它具有内存分配、释放、碎片管理等基本功能。

2. bfc基本算法思想

1. 数据结构

整个内存空间由一个按基址升序排列的Chunk双向链表来表示,它们的直接前趋和后继必须在地址连续的内存空间。Chunk结构体里含有实际大小、请求大小、是否被占用、基址、直接前趋、直接后继、Bin索引等信息。

TensorFlow内存管理bfc算法实例

2. 申请

用户申请一个内存块(malloc)。根据chunk双链表找到一个合适的内存块,如果该内存块的大小是用户申请的大小的二倍以上,那么就将该内存块切分成两块,这就是split操作。

返回其中一块给用户,并将该内存块标识为占用

Spilt操作会新增一个chunk,所以需要修改chunk双链表以维持前驱和后继关系

如果用户申请512的空间,正好有一块1024的chunk2是空闲的,由于1024/512 =2,所以chunk2 被split为2块:chunk2_1和chunk2_2。返回chunk2_1给用户并将其标志位占用状态。

3. 释放

用户释放一个内存块(free)。先将该块标记为空闲。然后根据chunk数据结构中的信息找到其前驱和后继内存块。如果前驱和后继块中有空闲的块,那么将刚释放的块和空闲的块合并成一个更大的chunk(这就是merge操作,合并当前块和其前后的空闲块)。再修改双链表结构以维持前驱后继关系。这就做到了内存碎片的回收。
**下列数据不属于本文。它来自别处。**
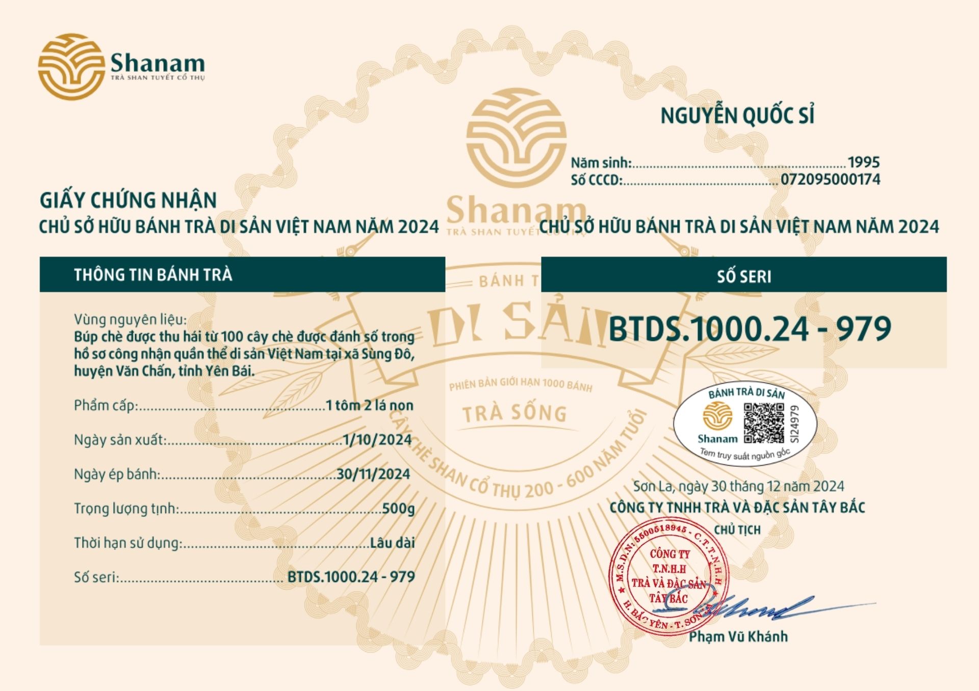 Bánh trà Di sản Việt Nam năm 2023 sản xuất số lượng giới hạn 500 bánh, được đánh mã số từng bánh trà theo thứ tự từ 1 – 500 và có chữ ký trực tiếp của người sáng lập thương hiệu trà Shanam Phạm Vũ Khánh trên từng bánh trà. Mỗi bánh trà có QR riêng truy suất về website www.shanam.com.vn chứng minh chủ sở hữu của bánh trà.
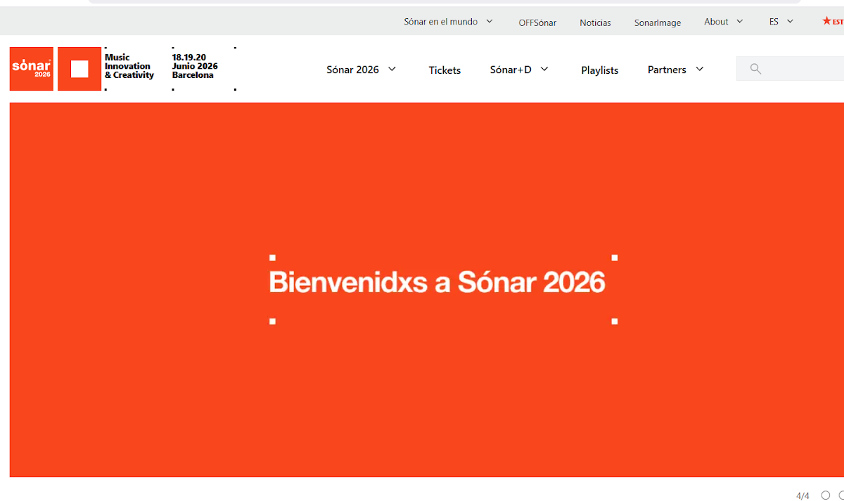 | 18, 19 y 20 de junio | Sónar Barcelona | Fira Gran Via, Barcelona | Techno, Electrónica, House, EDM, Drum & Bass, Bass, Experimental, Urbano, Hip-hop, Grime, Trap, Pop, Indie, Alternativo, R&B, Neo-clásico |
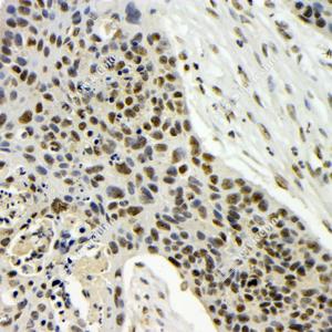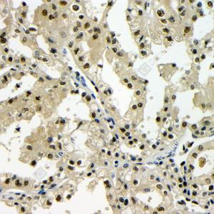 | IHC检测TDP43蛋白(货号 GB115547). 样品: 人肺癌, 4%多聚甲醛 (货号G1101) 固定12-24小时. 抗原修复: Tris-EDTA抗原修复液(pH 9.0) (G1203), 98℃, 20分钟. —抗: 1: 100稀释, 4℃ 孵育过夜. 二抗: HRP标记山羊抗兔IgG (H+L) (货号GB23303), 1: 200稀释, 室温孵育1小时. |

如果用户要free chunk3,由于chunk3的前驱chunk2也是空闲的,所以将chunk2和chunk3合并得到一个新的chunk2',大小为chunk2和chunk3之和。

3. bins

1. bins数据结构

bfc算法采取的是被动分块的策略。最开始整个内存是一个chunk,随着用户申请空间的次数增加,最开始的大chunk会被不断的split开来,从而产生越来越多的小chunk。当chunk数量很大时,为了寻找一个合适的内存块而遍历双链表无疑是一笔巨大的开销。为了实现对空闲块的高效管理,bfc算法设计了bin这个抽象数据结构。
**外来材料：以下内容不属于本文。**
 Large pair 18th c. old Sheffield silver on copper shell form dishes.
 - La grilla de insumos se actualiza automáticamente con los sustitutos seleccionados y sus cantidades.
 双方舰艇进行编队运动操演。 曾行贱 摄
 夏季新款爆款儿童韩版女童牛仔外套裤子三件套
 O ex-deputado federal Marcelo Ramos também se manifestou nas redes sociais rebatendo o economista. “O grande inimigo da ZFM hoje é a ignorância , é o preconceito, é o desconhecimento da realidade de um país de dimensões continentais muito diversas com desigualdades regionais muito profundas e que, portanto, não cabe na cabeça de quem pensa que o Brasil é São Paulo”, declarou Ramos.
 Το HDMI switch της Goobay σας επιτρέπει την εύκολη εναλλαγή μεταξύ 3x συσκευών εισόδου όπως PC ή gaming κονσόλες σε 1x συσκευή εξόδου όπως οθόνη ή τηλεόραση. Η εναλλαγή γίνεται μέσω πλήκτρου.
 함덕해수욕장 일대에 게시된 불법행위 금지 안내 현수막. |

每个bin都有一个size属性,一个bin是一个拥有chunk size >= binsize的空闲chunk的集合。集合中的chunk按照chunk size的升序组织成单链表。bfc算法维护了一个bin的集合:bins。它由多个bin以及从属于每个bin的chunks组成。内存中所有的空闲chunk都由bins管理。

TensorFlow内存管理bfc算法实例

图中每一列表示一个bin,列首方格中的数字表示bin的size。bin size的大小都是256的2^n的倍。每个bin下面挂载了一系列的空闲chunk,每个chunk的chunk size都大于等于所属的bin的bin size,按照chunk size的升序挂载成单链表。

2. bins操作

bfc算法针对bins这个集合设计了三个操作:search、insert、delete。

search

给定一个chunk size,从bins中找到大于等于该chunksize的最小的那个空闲chunk。Search操作具体流程如下。如果bin以数组的形式组织,那么可以从index = chunk size /256 >>2的那个bin开始查找。最好的情况是开始查找的那个bin的chunk链表非空,那么直接返回链表头即可。这种情况时间复杂度是常数级的。最坏的情况是遍历bins数组中所有的bin。对于一般大小的内存来说,bins数组元素非常少,比如4G空间只需要23个bin就足够了(256 * 2 ^ 23 > 4G),因此也很快能返回结果。总体来说search操作是非常高效的。对于固定大小内存来说,查找时间是常数量级的。

insert

将一个空闲的chunk插入到一个bin所挂载的chunk链表中,同时需要维持chunk链表的升序关系。具体流程是直接将chunk插入到index = chunk size /256 >>2的那个bin中即可。

delete

将一个空闲的chunk从bins中移除。

4. 总结

将内存分块管理,按块进行空间分配和释放。

通过split操作将大内存块分解成用户需要的小内存块。

通过merge操作合并小的内存块,做到内存碎片回收

通过bin这个抽象数据结构实现对空闲块高效管理。

5. 代码分析

1. 代码地址

https://github.com/tensorflow/tensorflow/tree/master/tensorflow/core/common_runtime

2. 数据结构

Chunk

static const int kInvalidChunkHandle = -1;
...
struct Chunk {
  size_t size = 0; // Full size of buffer.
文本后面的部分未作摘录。